Records for this exercise:
**********
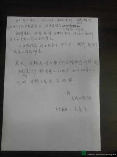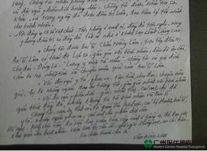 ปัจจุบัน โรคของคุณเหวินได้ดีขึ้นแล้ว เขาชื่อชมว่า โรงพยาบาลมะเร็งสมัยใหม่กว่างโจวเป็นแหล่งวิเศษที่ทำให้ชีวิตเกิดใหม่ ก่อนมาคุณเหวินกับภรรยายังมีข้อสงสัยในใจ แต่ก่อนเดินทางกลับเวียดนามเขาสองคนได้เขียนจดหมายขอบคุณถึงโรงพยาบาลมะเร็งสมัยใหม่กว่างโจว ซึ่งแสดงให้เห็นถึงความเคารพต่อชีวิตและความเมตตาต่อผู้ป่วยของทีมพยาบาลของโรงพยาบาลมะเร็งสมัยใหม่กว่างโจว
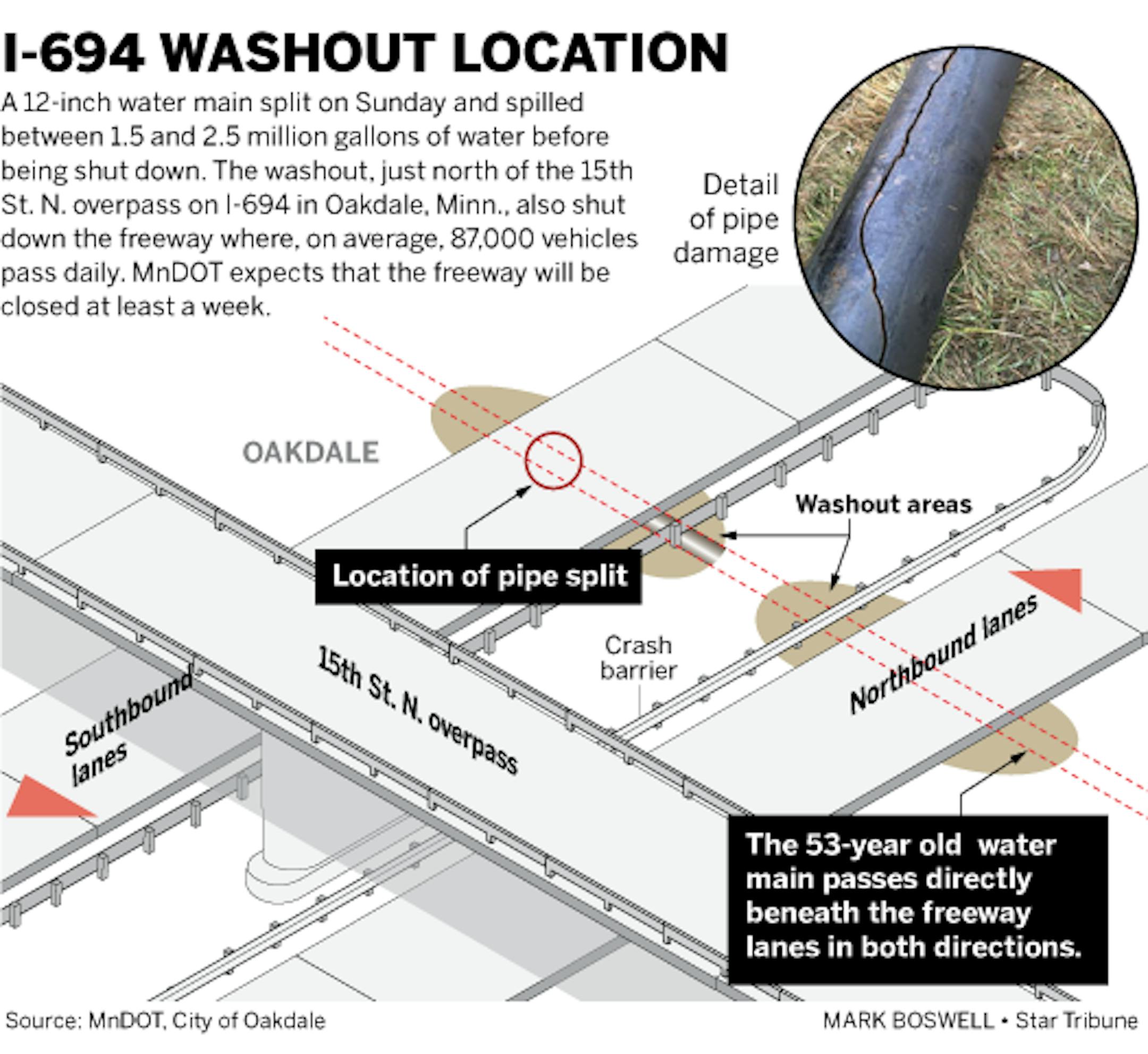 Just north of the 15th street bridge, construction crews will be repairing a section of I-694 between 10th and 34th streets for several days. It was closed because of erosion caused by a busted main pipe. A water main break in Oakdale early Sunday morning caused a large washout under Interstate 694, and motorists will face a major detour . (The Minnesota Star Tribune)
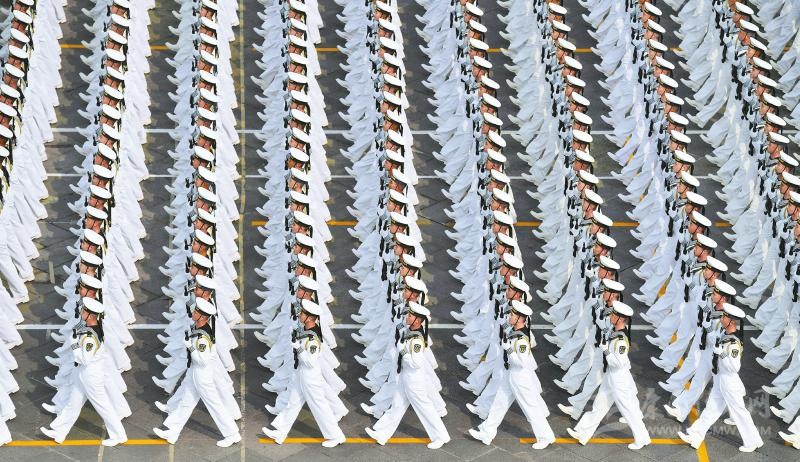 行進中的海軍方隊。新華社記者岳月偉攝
**********
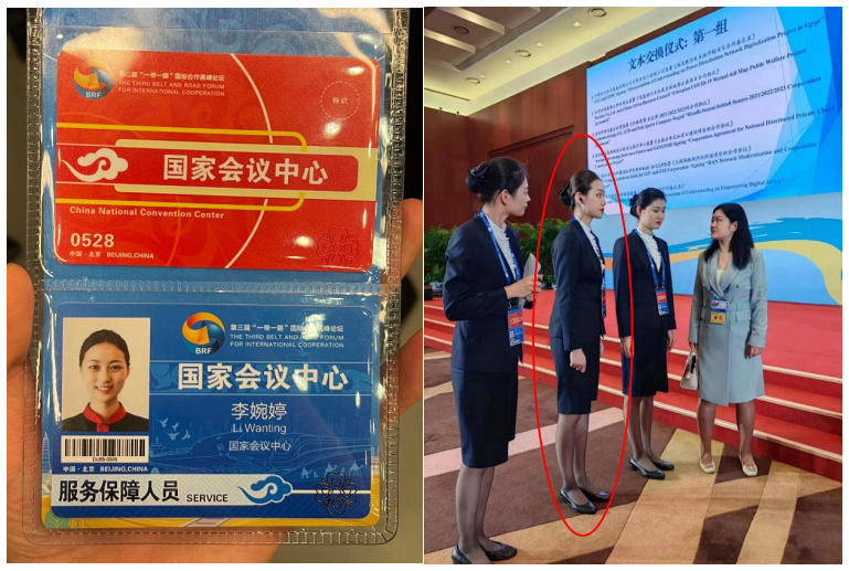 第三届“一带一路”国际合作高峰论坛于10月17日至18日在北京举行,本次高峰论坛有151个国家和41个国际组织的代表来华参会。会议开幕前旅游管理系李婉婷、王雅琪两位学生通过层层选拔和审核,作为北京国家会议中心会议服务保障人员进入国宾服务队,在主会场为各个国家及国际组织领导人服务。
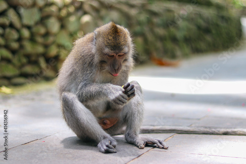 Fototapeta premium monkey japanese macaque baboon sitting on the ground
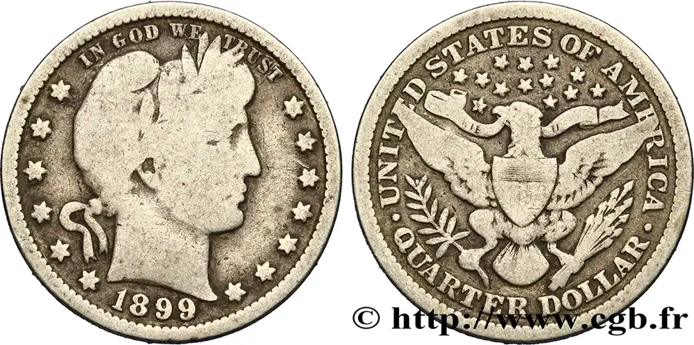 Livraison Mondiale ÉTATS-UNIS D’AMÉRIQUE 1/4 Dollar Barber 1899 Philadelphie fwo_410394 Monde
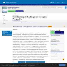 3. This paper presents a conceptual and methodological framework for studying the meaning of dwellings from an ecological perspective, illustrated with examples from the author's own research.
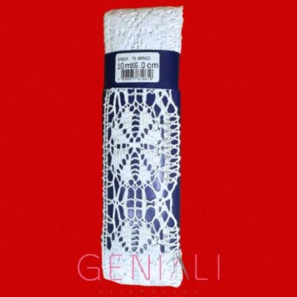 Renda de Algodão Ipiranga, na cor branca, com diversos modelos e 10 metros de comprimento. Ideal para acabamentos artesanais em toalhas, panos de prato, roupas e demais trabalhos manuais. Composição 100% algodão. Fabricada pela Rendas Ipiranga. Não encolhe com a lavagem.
**********
From the listing above, restate verbatim the lines running from the one with "Livraison Mondiale ÉTATS-UNIS" through the one with "Renda de Algodão", inclusive, but not the pictures.

 Livraison Mondiale ÉTATS-UNIS D’AMÉRIQUE 1/4 Dollar Barber 1899 Philadelphie fwo_410394 Monde
 3. This paper presents a conceptual and methodological framework for studying the meaning of dwellings from an ecological perspective, illustrated with examples from the author's own research.
 Renda de Algodão Ipiranga, na cor branca, com diversos modelos e 10 metros de comprimento. Ideal para acabamentos artesanais em toalhas, panos de prato, roupas e demais trabalhos manuais. Composição 100% algodão. Fabricada pela Rendas Ipiranga. Não encolhe com a lavagem.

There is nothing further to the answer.